Monday, June 1, 2015

My really really bad day


 So I wake up at around 3 am today .. wow can't breathe... wonder why.. then it dawns on my .. machine is not working NO O2 coming out.. grab the tank I keep for emergencies .. turn it on and catch my breath.. finally start down stairs.. holding heavy tank and the 50 ft cord from the machine... down about 4 steps .. stooopid safety on my stair lift stops me. cuss.. get up reset safety.. continue down.. all this time the machine is alarming .. loudly.. very loudly.. my ears are still ringing. turn it off.. wait.. turn it on .. success it works for about a quick minute and the boom off and alarming again.. checked cord for kinks. there are none... reset and try again.. same result. .. still not satisfied I try one more time.. same result .( You know what they call a person who does the same thing over and over and expects a different result?}. runs for a few and then alarms. around 3:30 AfreckinM I call emergency number for Lxxcxxx.. after pushing 1 for English.. yes .. 1 for English.. and a couple other number to get to a live person,  a very nice lady in Florida takes my info and puts me on hold.

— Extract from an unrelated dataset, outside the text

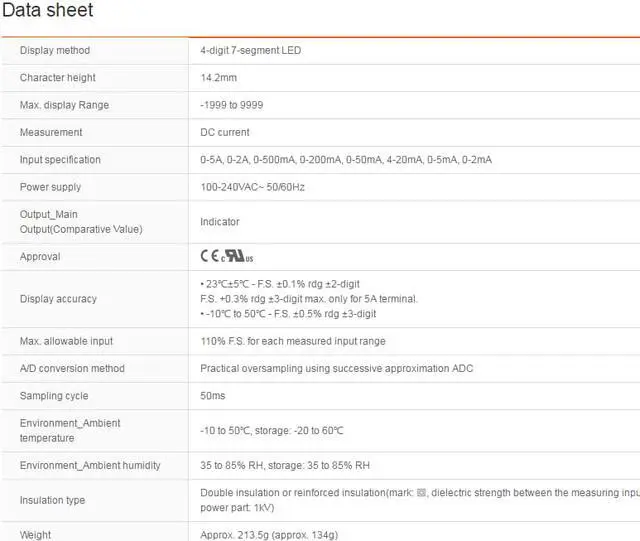 Input specification : 0-5A, 0-2A, 0-500mA, 0-200mA, 0-50mA, 4-20mA, 0-5mA, 0-2mA

Soon C**y comes on the phone.. Says do you have plenty of canisters? I answer that I do he whines well it will be around 7 before I can get there as I would have to go to the shop etc.. blah blah blah.. Use your canisters and I will see you first thing in the morning.. I ask what time is that .. he replies 9 or 10 am.. I must have gotten on the $hit list some how.. I am stressed to almost my limit and that of course makes breathing harder.. but not an emergency ....this hard to believe.... I am not happy to say the least.
It is now almost 7 am.. and I am making a list of things to do today..
1. Find new oxygen supplier
2. Find out what constitutes an emergency
3. Nap

Friday, May 22, 2015

Sunday, April 12, 2015

Thankful


Today, upon a bus, I saw a very beautiful woman
and wished I were as beautiful.
When suddenly she rose to leave,
I saw her hobble down the aisle.
She had one leg and used a crutch.
But as she passed, she passed a smile.
Oh, God, forgive me when I whine.
I have two legs; the world is mine.

I stopped to buy some candy.
The lad who sold it had such charm.
I talked with him, he seemed so glad.
If I were late, it'd do no harm.
And as I left, he said to me,
"I thank you, you've been so kind.
It's nice to talk with folks like you.
You see," he said, "I'm blind."
Oh, God, forgive me when I whine.
I have two eyes; the world is mine.

Later while walking down the street,
I saw a child I knew.
He stood and watched the others play,
but he did not know what to do.
I stopped a moment and then I said,
Why don't you join them dear?"
He looked ahead without a word.
I forgot, he couldn't hear.
Oh, God, forgive me when I whine.
I have two ears; the world is mine.

With feet to take me where I'd go..
With eyes to see the sunset's glow.
With ears to hear what I'd know.
Oh, God, forgive me when I whine.
I've been blessed indeed, the world is mine.

After all, it's just a simple reminder that we have so much to be thankful for!
Give the gift of love. It never comes back empty!
I have been truly blessed with AWESOME FRIENDS.